I was tripping all over my words with apologies for my transgression. The next day, as part of my penance, I called Eve and cancelled our date. When she asked why, I couldn’t come up with a sensible reason. I forgot to rehearse one. I said, “Well, because Maureen is quite upset,” which makes me sound like a fucking noodle since Maureen is NOT MY GIRLFRIEND. Eve said that Maureen is just jealous, which sounds logical to me.
I subsequently wrote a befuddled letter of apology/explanation to Eve which she should get either today or tomorrow. We’ll see what kind of response I get, if any. [Note: This is how it was done before the internet was invented, kids.] It seems that fate tosses a potential date in my path about every six months. If Eve counts as this cycle’s allocation, I won’t meet another girl until well into 1997.
Pouring over these journals reminded me of this post. It’s a bit crass but I love it.
* * *
When I think back, the breadth of my cluelessness regarding the sweet science of love is almost too astonishing to be believed. I was awful at it. I knew nothing. The group of guys I hung out with weren’t popular with the ladies, so there were never any discussions about seduction or technique. It was a slow, painful, embarrassing learning curve.
For a good long while, I thought you got a girl to sleep with you through insistent pleading. I thought the game of love was to wear down her resolve until she finally capitulated. Imagine my surprise when I discovered that haranguing was not considered a legitimate aspect of a foreplay. I remained in my clueless state for a number of years. I failed to recognize a lot of green lights and opportunities. I was unaware of how many women were willing to sleep with me. But I realize it now.
* * *
The first time I had sex, she said, “Go ahead. You can do it.” But the DIRTY DEED had already been DONE. Admittedly, an inauspicious debut.

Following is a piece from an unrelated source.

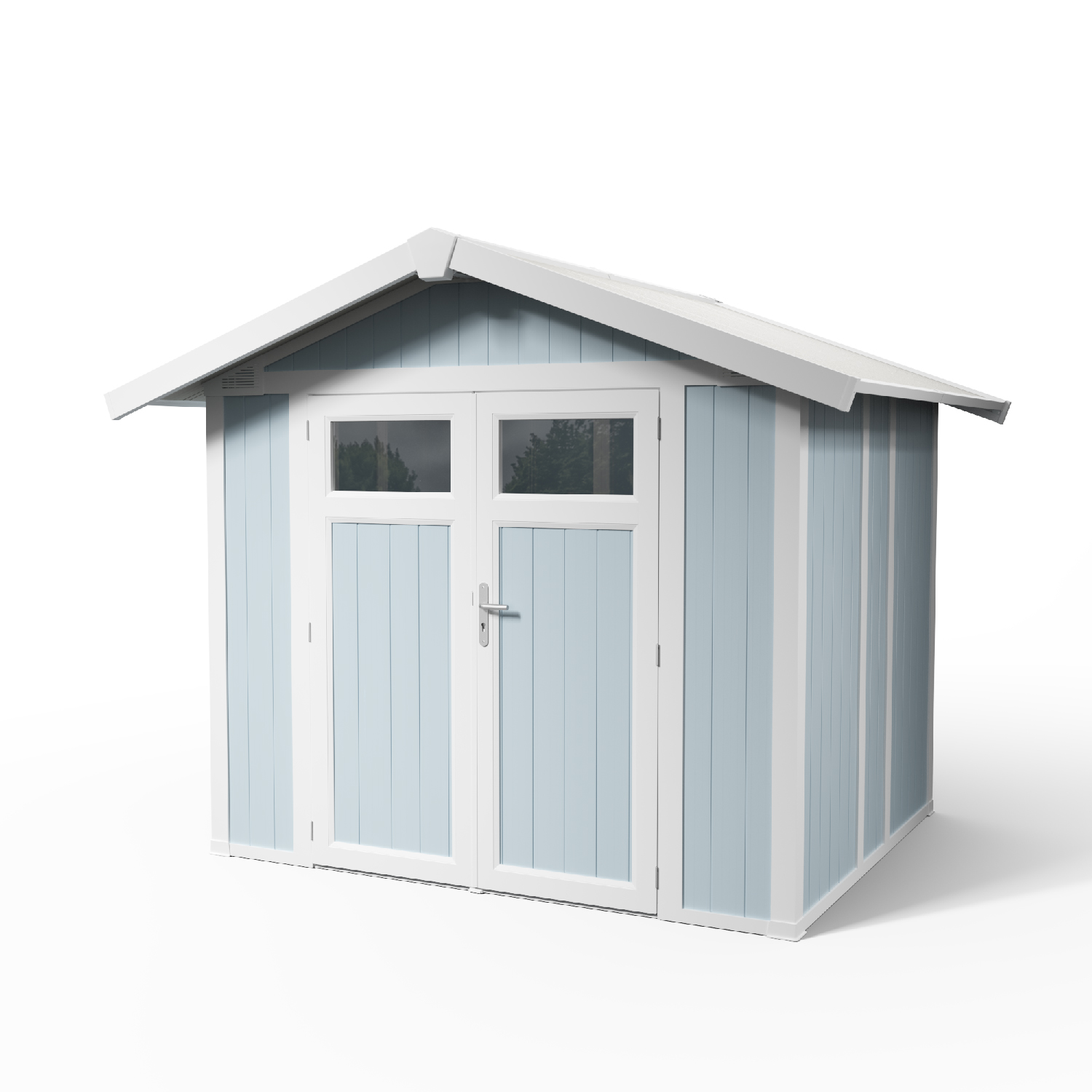 Das Grosfillex Garten- und Gerätehaus aus PVC ist praktisch und erleichtert die Pflege. Im Gegensatz zu Häusern aus Holz benötigen diese weder eine Lasur noch einen Anstrich, denn eine gewöhnliche Reinigung mit Wasser oder biologisch abbaubarer Seife reicht vollkommen aus. Alle Garden Home-Häuser sind zu 99% recyclebar und somit umweltfreundlich. Die Wandung der Grosfillex Garten- und Gerätehäuser besteht aus 26 mm starken PVC-Paneelen. Das gleiche Material wird im Fensterbau verwendet. Das tragende Gerüst besteht aus stabilen, verzinkten Stahlprofilen. Alle Häuser werden komplett gegen UV-Strahlung behandelt. Dadurch verblassen Grosfillex Gartenhäuser nicht. Auf diese Weise besitzt jedes Haus einen Anti-UV-Schutz und eine lange Lebensdauer aufgrund einer hohen Farb- und Materialbeständigkeit. Für Schäden durch unzureichend befestigte Gartenhäuser kann keine Haftung übernommen werden.
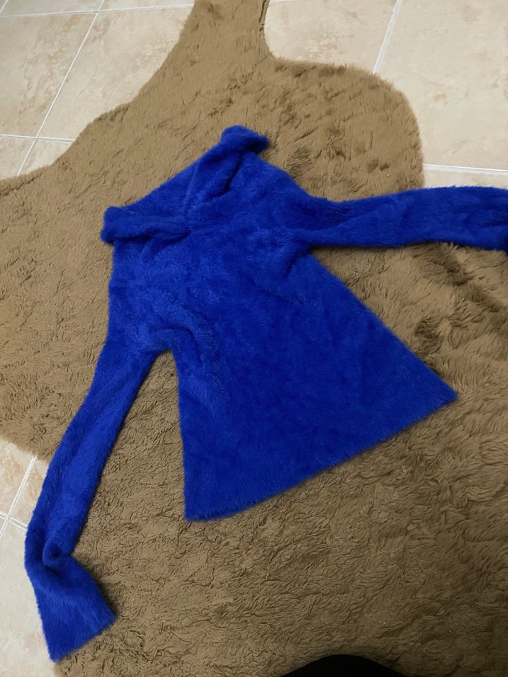 Bu kadın kazak, uzun kollu ve boğazlı olup, yumuşak ve sıcak dokulu tüylü detaylara sahiptir. Koyu mavi renkte ve midi boydadır, günlük kullanım için uygundur.

The first girl I slept with had the temperament of a sea monster.
* * *
With my first regular love, I used condoms that were about as thick as a garden hose. I didn’t know anything about lamb skins or sensitivity. I was mortified that I had to buy them at all. I just wanted to get in and out of the drugstore as quickly as possible without asking (or being asked) any questions.
The condoms robbed me of all sensation. So much so, that I often couldn’t finish. I would occasionally pull the damn thing off and toss it across the room just so I could finally complete my mission. In retrospect, a terrible idea. When I think of all the unprotected sex I had, it’s a miracle I never had to deal with an unwanted pregnancy. Or worse.
* * *
I read an article by a woman who said her boyfriend was so emotionally overwhelmed by sex that he routinely wept afterwards. She found this romantic and touching. So the next time I slept with my girlfriend, I tried to cry but my heart just wasn’t in it. It sounded like fake, ridiculous, insincere blubbering. My girlfriend asked if I was having some kind of breakdown.
* * *
Once upon a time, I was making out with a girl. I got up and put a Kenny G album on. I didn’t like the guy’s music but I thought it would be romantic. That’s what I’d read somewhere. About two songs in, she stopped kissing me, sat up and yelled, “My God! Would you PLEASE turn that OFF!”
* * *
I faked an orgasm once. The sex was tedious and went on far longer than it should have, so I decided to end it by faking an orgasm. I believe she was equally relieved it was over.
* * *
They weren’t all bad experiences. Many years ago, on a warm summer night, I made beautiful amour in a rooftop garden atop a downtown Brooklyn brownstone with the twinkling nighttime Manhattan skyline at our feet. It looked like a magical movie backdrop.
It’s time to bid a fond farewell to the holiday season. Only 11 months until Christmas!